-- Activity --
Take the line containing "Gorgeous home located" and each line after it through the end of the data below, and return them exactly, minus any pictures.

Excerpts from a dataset
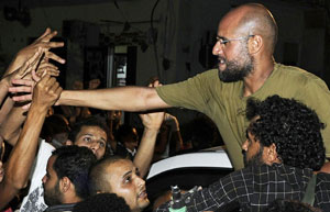 Saif al-Islam, the son of Libyan leader Muammar Gadhafi who rebels and the International Criminal Court said had been arrested, arrived late on Monday at the Tripoli hotel where foreign reporters are staying.
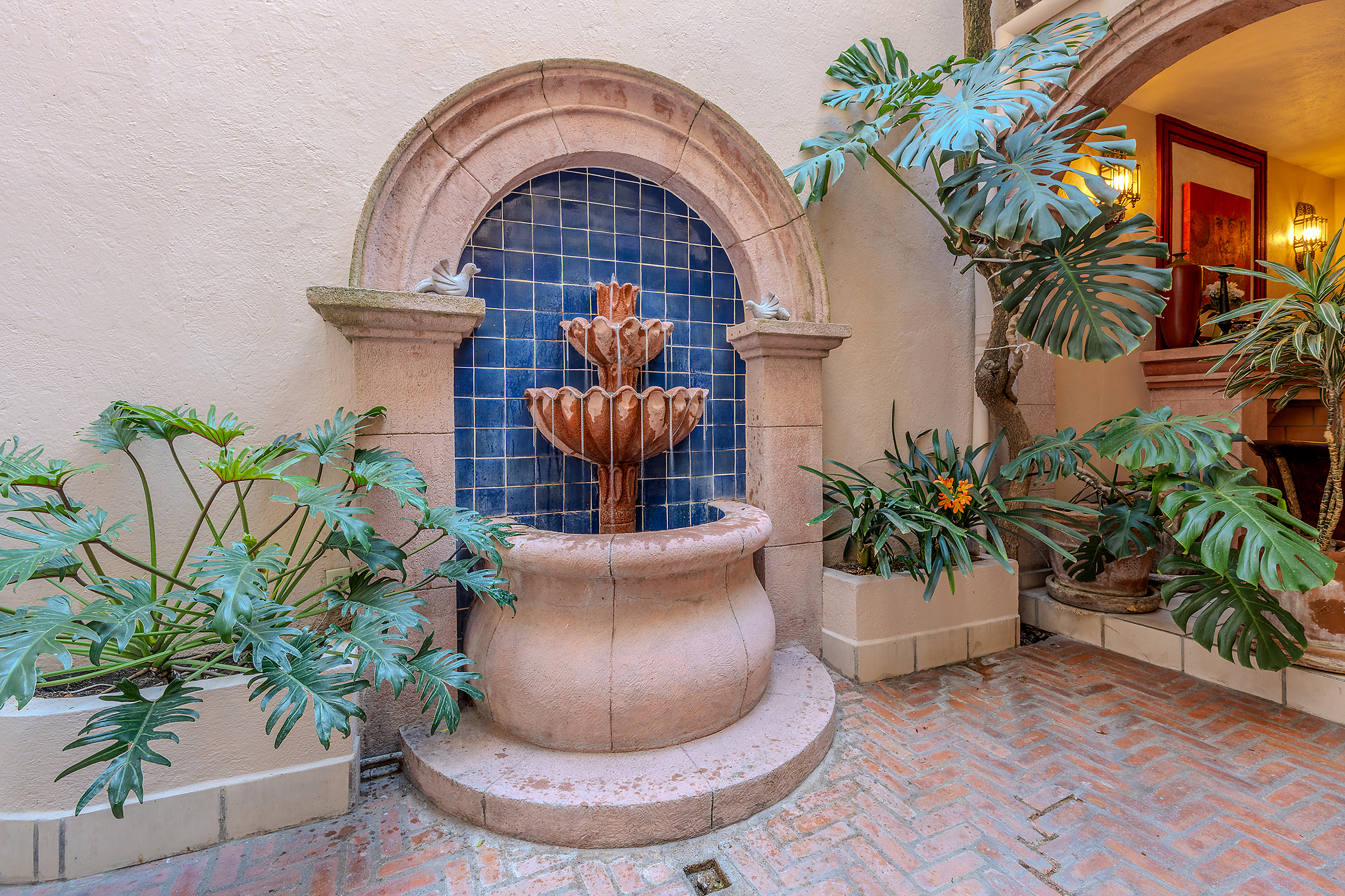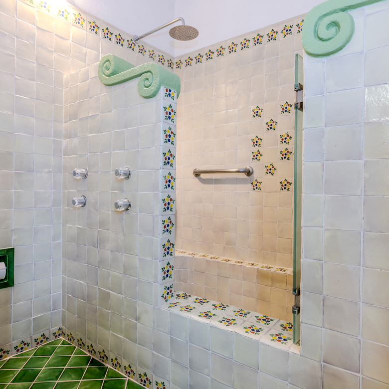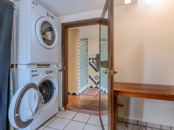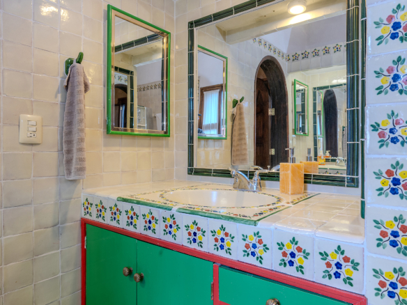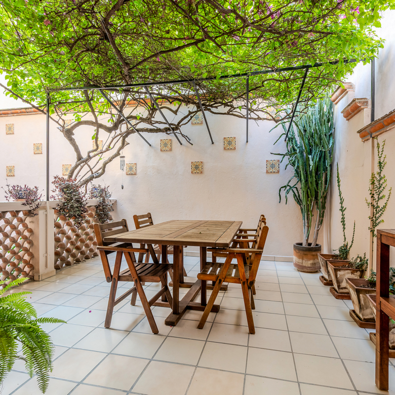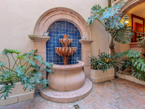 Dining al fresco here is not an occasional treat—it’s a lifestyle, elevated on all four sides of the home. On the ground level, mature greenery wraps the courtyard in privacy. On the second level, a vine-draped trellis frames an intimate table for six outside the Plata Bedroom’s French doors. On the third floor, the Lavender Bedroom opens to a private perch where meals are accompanied by sky and silence. And crowning it all, the shaded rooftop dining room—finished in traditional red clay tile—offers a generous table for gathering friends as the evening sky glows with the Rosewood fireworks.
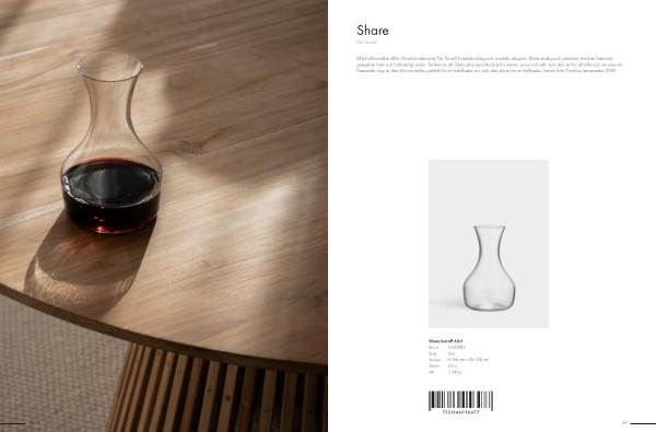Med allroundkaraffen Share kombinerar Pia Törnell klassiska drag och samtida elegans. Både stadig och smäcker, med en bekvämt greppbar hals och hällvänligt avslut. Tanken är att Share ska vara lika bra för vatten, juice och saft, som den är för att lufta och servera vin. Passande nog är den lilla modellen perfekt för en halvflaska vin, och den större för en helflaska. Serien från Orrefors lanserades 2019.
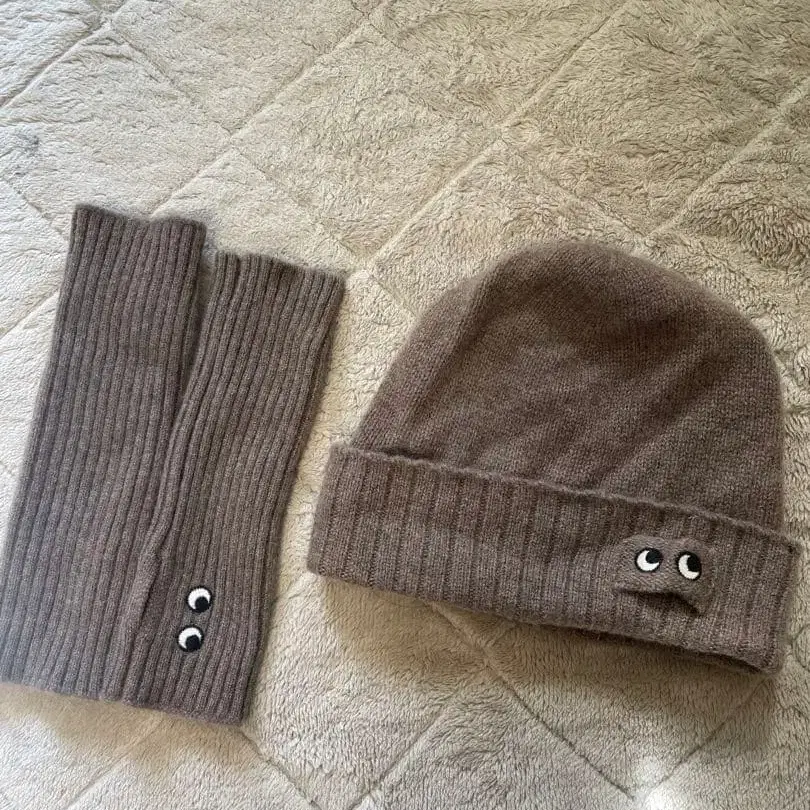 유니클로 ANYA HINDMARCH 니트 모자와 암워머 세트 브라운
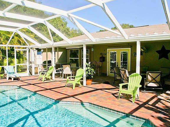 Gorgeous home located on a quiet street near shopping, beaches, highways and downtown Venice. As you drive down the long driveway you will find that this oversized lot has plenty of privacy and two parking pads for an RV, Boat and all of the toys. As you walk through the screened breezeway, you will find that the home has a very open feel. The kitchen is equipped with all stainless steel appliances and all of the floors have been tiled. Two French doors will lead you to an incredibly private lanai with brick pavers overlooking the sparkling waters of your pool and Jacuzzi. The yard is so private and lushly landscaped that you it could feel like you are in the country. Two sheds are located on the property one which is roughly 12''X24'' and the other is 10''X10''. The larger shed has water and electric. Two parking pads on both sides of the home are equipped with 30 amp.electric. The yard is fully fenced in and can easily keep pets inside. The home has hurricane shutters on all of the windows.
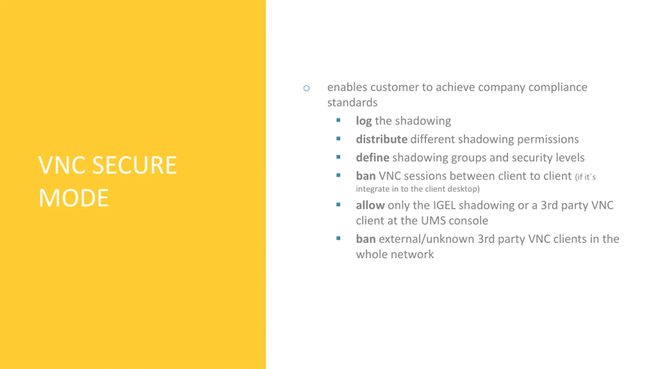 o enables customer to achieve company compliance standards log the shadowing distribute different shadowing permissions define shadowing groups and security levels ban VNC sessions between client to client (if it s integrate in to the client desktop) allow only the IGEL shadowing or a 3rd party VNC client at the UMS console ban external/unknown 3rd party VNC clients in the whole network VNC SECURE MODE
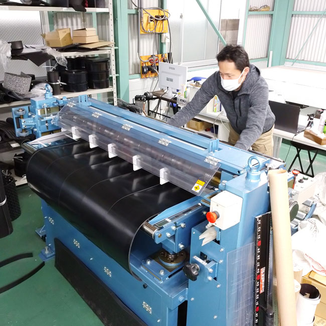 ▽ 丸ナイフが回転する機械にゴムシートを押し込んで切ります。左側に見えるゴムシートが一定間隔で切れているのが分かりますでしょうか。
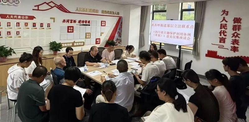 据了解,弄弄坪街道基层立法联系点于今年8月13日召开《四川省古籍保护利用条例(草案)》意见征集座谈会,广泛听取人大代表、社区居民、文化工作者及相关专家的意见建议。经过梳理整合,该联系点提交了多条修改建议,其中两条关键建议被采纳并写入最终通过的条例。

-- Solution --
 Gorgeous home located on a quiet street near shopping, beaches, highways and downtown Venice. As you drive down the long driveway you will find that this oversized lot has plenty of privacy and two parking pads for an RV, Boat and all of the toys. As you walk through the screened breezeway, you will find that the home has a very open feel. The kitchen is equipped with all stainless steel appliances and all of the floors have been tiled. Two French doors will lead you to an incredibly private lanai with brick pavers overlooking the sparkling waters of your pool and Jacuzzi. The yard is so private and lushly landscaped that you it could feel like you are in the country. Two sheds are located on the property one which is roughly 12''X24'' and the other is 10''X10''. The larger shed has water and electric. Two parking pads on both sides of the home are equipped with 30 amp.electric. The yard is fully fenced in and can easily keep pets inside. The home has hurricane shutters on all of the windows.
 o enables customer to achieve company compliance standards log the shadowing distribute different shadowing permissions define shadowing groups and security levels ban VNC sessions between client to client (if it s integrate in to the client desktop) allow only the IGEL shadowing or a 3rd party VNC client at the UMS console ban external/unknown 3rd party VNC clients in the whole network VNC SECURE MODE
 ▽ 丸ナイフが回転する機械にゴムシートを押し込んで切ります。左側に見えるゴムシートが一定間隔で切れているのが分かりますでしょうか。
 据了解,弄弄坪街道基层立法联系点于今年8月13日召开《四川省古籍保护利用条例(草案)》意见征集座谈会,广泛听取人大代表、社区居民、文化工作者及相关专家的意见建议。经过梳理整合,该联系点提交了多条修改建议,其中两条关键建议被采纳并写入最终通过的条例。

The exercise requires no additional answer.